**WHAT THIS TASK INVOLVES**
Only lines containing the string "system" belong in the answer; copy all of them from the entries.

**DATA TO USE**
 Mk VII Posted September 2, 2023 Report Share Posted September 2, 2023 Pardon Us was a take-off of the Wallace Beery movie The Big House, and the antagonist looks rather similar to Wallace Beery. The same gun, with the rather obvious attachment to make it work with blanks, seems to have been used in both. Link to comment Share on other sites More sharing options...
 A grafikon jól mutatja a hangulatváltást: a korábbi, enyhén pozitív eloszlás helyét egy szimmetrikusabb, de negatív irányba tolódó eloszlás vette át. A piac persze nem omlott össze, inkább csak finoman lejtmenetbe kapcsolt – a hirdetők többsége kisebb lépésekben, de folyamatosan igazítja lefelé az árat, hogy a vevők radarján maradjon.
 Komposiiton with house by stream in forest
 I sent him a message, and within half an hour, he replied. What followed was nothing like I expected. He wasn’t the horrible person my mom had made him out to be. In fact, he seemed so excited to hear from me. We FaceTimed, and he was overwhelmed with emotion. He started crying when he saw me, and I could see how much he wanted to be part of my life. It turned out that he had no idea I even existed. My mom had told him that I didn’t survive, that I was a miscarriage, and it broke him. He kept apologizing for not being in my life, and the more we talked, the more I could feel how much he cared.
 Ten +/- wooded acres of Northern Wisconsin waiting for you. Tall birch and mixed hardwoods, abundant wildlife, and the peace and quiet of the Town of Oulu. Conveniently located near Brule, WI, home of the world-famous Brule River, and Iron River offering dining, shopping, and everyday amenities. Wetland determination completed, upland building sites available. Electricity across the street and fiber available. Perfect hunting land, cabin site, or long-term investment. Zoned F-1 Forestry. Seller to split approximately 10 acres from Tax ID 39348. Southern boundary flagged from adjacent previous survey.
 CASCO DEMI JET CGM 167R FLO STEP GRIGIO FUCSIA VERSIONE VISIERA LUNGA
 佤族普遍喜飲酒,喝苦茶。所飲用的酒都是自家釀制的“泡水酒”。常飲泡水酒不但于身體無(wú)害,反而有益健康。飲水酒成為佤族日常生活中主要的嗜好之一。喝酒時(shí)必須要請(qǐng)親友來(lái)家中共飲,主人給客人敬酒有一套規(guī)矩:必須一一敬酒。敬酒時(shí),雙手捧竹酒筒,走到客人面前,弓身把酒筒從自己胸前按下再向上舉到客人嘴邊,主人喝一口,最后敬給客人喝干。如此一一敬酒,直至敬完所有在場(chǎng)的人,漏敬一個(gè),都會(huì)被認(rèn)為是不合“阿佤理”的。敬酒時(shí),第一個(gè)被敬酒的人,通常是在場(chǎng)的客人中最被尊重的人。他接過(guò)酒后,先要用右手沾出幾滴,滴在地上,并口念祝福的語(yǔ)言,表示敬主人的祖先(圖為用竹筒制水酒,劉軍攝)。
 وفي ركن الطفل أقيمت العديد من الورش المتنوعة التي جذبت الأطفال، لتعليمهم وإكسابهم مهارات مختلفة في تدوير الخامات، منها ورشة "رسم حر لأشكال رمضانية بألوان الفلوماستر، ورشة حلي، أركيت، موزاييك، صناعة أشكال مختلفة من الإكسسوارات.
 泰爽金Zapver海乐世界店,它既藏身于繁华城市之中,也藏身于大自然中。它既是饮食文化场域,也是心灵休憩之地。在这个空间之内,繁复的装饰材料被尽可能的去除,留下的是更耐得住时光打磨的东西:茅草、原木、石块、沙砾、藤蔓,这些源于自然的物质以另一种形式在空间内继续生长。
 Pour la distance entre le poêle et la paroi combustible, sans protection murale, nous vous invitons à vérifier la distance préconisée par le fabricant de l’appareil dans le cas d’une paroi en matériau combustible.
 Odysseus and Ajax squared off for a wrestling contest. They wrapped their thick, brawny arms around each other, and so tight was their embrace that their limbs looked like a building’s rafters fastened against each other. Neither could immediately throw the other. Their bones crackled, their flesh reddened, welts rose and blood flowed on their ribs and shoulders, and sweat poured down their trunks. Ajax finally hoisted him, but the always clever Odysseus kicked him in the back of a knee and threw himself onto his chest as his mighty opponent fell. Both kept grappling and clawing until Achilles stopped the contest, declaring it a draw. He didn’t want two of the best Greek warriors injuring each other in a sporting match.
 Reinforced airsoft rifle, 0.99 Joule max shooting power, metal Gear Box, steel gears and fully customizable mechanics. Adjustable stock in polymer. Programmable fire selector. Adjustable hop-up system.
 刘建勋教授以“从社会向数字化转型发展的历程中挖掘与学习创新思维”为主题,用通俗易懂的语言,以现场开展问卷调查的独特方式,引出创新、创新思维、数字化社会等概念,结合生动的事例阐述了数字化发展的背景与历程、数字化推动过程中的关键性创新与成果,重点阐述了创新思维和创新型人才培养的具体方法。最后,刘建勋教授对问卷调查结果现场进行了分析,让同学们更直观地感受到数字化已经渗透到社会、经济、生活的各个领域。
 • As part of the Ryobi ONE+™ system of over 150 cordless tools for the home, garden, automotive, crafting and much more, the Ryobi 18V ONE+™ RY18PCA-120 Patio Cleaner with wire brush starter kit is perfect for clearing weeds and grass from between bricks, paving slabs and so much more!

**OUTPUT BELOW**
 Reinforced airsoft rifle, 0.99 Joule max shooting power, metal Gear Box, steel gears and fully customizable mechanics. Adjustable stock in polymer. Programmable fire selector. Adjustable hop-up system.
 • As part of the Ryobi ONE+™ system of over 150 cordless tools for the home, garden, automotive, crafting and much more, the Ryobi 18V ONE+™ RY18PCA-120 Patio Cleaner with wire brush starter kit is perfect for clearing weeds and grass from between bricks, paving slabs and so much more!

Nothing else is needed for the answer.